No face – no communication
Am ersten Tag der Maskenpflicht wurde ich, kaum dass ich meine Wohnstraße entlanggegangen war, erst von einer älteren Frau angeschrien, wir hätten Maskenpflicht. Daraufhin beruhigte ich die Frau, dass dies nur in der Bahn und beim Einkaufen (grob) gelten würde, und nicht an der frischen Luft. Sie nuschelte weiter, ich hab sie nicht mehr genau verstanden. Sie schien über meine Antwort frustriert.
Auf dem Weg zu meiner Tanzschule, kurz bevor ich ins Kölner Tor einbog, sah ich eine junge Mutter, mit einem kleinen Baby in der Trage und einem kleinen zweiten Kind, gute 2 Jahre, wie sie draußen mit der Maske mit ihren Kindern sprach. Es war mir unerklärlich, wie sie mit den beiden Kindern, wovon das größere auch erst wenig gesprochen haben muss, sich verständigen konnte.
Halb ihm Schock, halb bemitleidend, sprach ich sie an: „Entschuldige, darf ich dich kurz etwas fragen?“ „Ja, bitte, um was geht’s?“ Du bist ja hier draußen, wo es keine Maskenpflicht gibt, mit deinen beiden Kleinen. Wie sollen sie dich eigentlich mit deiner Gestik sehen oder deine Sprache gut verstehen, wenn du dein Gesicht bedeckst?“ Daraufhin sah sie mich irritiert an und meinte: „Ich fasse die Maske erst drinnen in der Wohnung an, wenn ich mich danach direkt waschen kann.“
Es war wie ein Stich ins Herz. Ich empfand etwas, was ich zuvor nie formulieren musste. Ich schüttelte den Kopf: es war wohl meine Fassungslosigkeit über dieses Vorgehen, über diesen Denken und vor allem diesen Umgang.

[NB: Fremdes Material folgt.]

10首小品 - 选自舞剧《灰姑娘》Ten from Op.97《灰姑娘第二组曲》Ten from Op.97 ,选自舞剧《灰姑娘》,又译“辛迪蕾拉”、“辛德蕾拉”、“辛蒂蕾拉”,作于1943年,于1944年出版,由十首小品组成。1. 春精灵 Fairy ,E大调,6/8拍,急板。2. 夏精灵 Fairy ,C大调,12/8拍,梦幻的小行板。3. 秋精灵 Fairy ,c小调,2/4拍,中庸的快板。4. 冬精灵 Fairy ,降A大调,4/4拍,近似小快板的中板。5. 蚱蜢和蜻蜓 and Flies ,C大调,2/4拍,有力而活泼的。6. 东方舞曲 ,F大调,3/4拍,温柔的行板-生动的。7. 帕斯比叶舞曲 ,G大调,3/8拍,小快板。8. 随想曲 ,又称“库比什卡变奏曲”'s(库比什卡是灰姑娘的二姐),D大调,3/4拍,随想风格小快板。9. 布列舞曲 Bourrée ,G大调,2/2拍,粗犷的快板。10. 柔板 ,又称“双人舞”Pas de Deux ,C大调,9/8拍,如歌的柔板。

Ich fand, ihr Umgang war keinesfalls richtig, weder kommunikativ oder pädagogisch wertvoll. Kurz Falsch. UND DOCH: Welche Ängste muss eine Mutter haben, die ihre Kinder so behandelt? Was macht sie selber durch, dass sie ihre Kinder in ihren Bedürfnisse wahrnehmen kann? Ich möchte immer beide Seiten verstehen…

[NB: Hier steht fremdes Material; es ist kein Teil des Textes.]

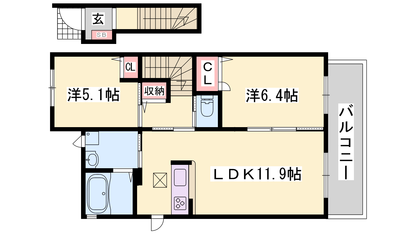 - LDK11.9帖、洋室6.4帖、洋室5.1帖

Doch das Drama unserer aller Kinder hatte bereits vor Wochen begonnen, wo rigoros alles zu schließen hatte, was für Kinder ein Lebensmittelpunkt war (außer das elterliche Haus oder die Wohnung) einschließlich der Spielplätze.
Kinderschutz – Schutz für oder vor Kinder(n)?
Es geht mir darum, dass der Kinderschutz seit dem Shut Down ignoriert, mehr noch, mit Füßen getreten wurde, und gerade in der Anfangsphase sogar ins Gegenteil umgekehrte: aus dem Kinderschutz wurde der Schutz VOR Kindern. Kinder galten als die Virenschleudern schlecht hin, vor dem man sich schützen musste oder sollte. Kindern wurden von heute auf Morgen die Großeltern ausgeredet: manche erzählten ihren Kindern sogar, dass sie die Großeltern nicht treffen können, da diese sonst krank werden.
Wie unpädagogisch, nein herzlos, ist eigentlich dieses Vorgehen?
Wie schlimm muss es für ein Kind sein, dass hört bzw. gesagt bekommt, dass die Großeltern sterben könnten, wenn man diese nun treffen und mit ihnen zusammen sein würde? Mir selbst wurde von einer befreundeten Großmutter empfohlen, dass ich meinen Sohn mit gerade 3 Jahren am besten komplett aufklären sollte, der würde das schon verstehen. Ähm, nein?! Warum? Was können denn Kinder dafür? Welches Verständnis für Viren, Bakterien und Co. Kann man denn tatsächlich als 3Jähriger aufbringen? Und nützt ihm das Wissen? Oder würde es nicht dafür sorgen, dass es in ihm nachhaltig mehr Ängste schürrte, wenn dann irgendwann alles wieder vorbei wäre? Ich glaube nicht.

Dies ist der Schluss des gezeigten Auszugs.